Effective lattice Hamiltonian for monolayer tin disulphide: tailoring electronic structure with electric and magnetic fields

TL;DR

This paper develops an effective lattice Hamiltonian for monolayer tin disulphide, enabling accurate modeling of its electronic structure and responses to electric and magnetic fields, facilitating future research and device design.

Contribution

The paper introduces a new tight-binding model based on six hybrid orbitals that accurately reproduces the electronic properties of ML-SnS2 and can incorporate external electric and magnetic fields.

Findings

Good agreement with density functional theory calculations.

Model captures Landau levels under magnetic fields.

Electric field effects are effectively modeled.

Abstract

The electronic properties of monolayer tin dulsulphide (ML-SnS2), a recently synthesized metal dichalcogenide, are studied by a combination of first-principles calculations and tight-binding (TB) approximation.

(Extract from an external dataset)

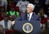 Vice President Mike Pence speaks to supporters at a Donald Trump rally Thursday, May 10, at North Side Middle School in Elkhart, Indiana. Pence's speech included talk about the upcoming primaries in November.

An effective lattice Hamiltonian based on six hybrid sp-like orbitals with trigonal rotation symmetry are proposed to calculate the band structure and density of states for ML-SnS2, which demonstrates good quantitative agreement with relativistic density functional theory calculations in a wide energy range. We show that the proposed TB model can be easily applied to the case of an external electric field, yielding results consistent with those obtained from full Hamiltonian results. In the presence of a perpendicular magnetic field, highly degenerate equidistant Landau levels are obtained, showing typical two-dimensional electron gas behavior. Thus, the proposed TB model provides a simple new way in describing novel properties in ML-SnS2.